YOUR TASK: Using the data below, repeat all of it precisely.

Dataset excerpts
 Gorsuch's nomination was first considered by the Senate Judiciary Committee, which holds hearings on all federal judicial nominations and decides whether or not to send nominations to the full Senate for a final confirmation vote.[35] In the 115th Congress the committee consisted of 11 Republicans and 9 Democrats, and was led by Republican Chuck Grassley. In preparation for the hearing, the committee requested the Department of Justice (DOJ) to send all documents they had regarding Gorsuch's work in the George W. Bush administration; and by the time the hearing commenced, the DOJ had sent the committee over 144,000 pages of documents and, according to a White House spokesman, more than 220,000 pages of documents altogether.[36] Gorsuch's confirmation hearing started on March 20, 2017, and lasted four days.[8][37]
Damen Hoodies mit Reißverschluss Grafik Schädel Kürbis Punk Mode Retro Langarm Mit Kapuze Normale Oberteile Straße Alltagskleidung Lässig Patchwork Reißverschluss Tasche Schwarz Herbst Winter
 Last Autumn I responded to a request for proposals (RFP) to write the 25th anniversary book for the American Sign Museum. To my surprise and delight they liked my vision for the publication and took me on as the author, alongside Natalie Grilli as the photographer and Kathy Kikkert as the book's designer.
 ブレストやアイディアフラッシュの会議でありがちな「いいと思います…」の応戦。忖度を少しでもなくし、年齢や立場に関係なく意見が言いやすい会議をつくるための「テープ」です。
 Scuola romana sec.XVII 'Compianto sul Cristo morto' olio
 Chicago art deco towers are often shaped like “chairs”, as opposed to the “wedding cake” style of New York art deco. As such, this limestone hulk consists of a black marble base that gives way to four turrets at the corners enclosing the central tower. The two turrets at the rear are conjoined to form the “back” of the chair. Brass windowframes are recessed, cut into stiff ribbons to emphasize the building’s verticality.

SOLUTION:
 Gorsuch's nomination was first considered by the Senate Judiciary Committee, which holds hearings on all federal judicial nominations and decides whether or not to send nominations to the full Senate for a final confirmation vote.[35] In the 115th Congress the committee consisted of 11 Republicans and 9 Democrats, and was led by Republican Chuck Grassley. In preparation for the hearing, the committee requested the Department of Justice (DOJ) to send all documents they had regarding Gorsuch's work in the George W. Bush administration; and by the time the hearing commenced, the DOJ had sent the committee over 144,000 pages of documents and, according to a White House spokesman, more than 220,000 pages of documents altogether.[36] Gorsuch's confirmation hearing started on March 20, 2017, and lasted four days.[8][37]
Damen Hoodies mit Reißverschluss Grafik Schädel Kürbis Punk Mode Retro Langarm Mit Kapuze Normale Oberteile Straße Alltagskleidung Lässig Patchwork Reißverschluss Tasche Schwarz Herbst Winter
 Last Autumn I responded to a request for proposals (RFP) to write the 25th anniversary book for the American Sign Museum. To my surprise and delight they liked my vision for the publication and took me on as the author, alongside Natalie Grilli as the photographer and Kathy Kikkert as the book's designer.
 ブレストやアイディアフラッシュの会議でありがちな「いいと思います…」の応戦。忖度を少しでもなくし、年齢や立場に関係なく意見が言いやすい会議をつくるための「テープ」です。
 Scuola romana sec.XVII 'Compianto sul Cristo morto' olio
 Chicago art deco towers are often shaped like “chairs”, as opposed to the “wedding cake” style of New York art deco. As such, this limestone hulk consists of a black marble base that gives way to four turrets at the corners enclosing the central tower. The two turrets at the rear are conjoined to form the “back” of the chair. Brass windowframes are recessed, cut into stiff ribbons to emphasize the building’s verticality.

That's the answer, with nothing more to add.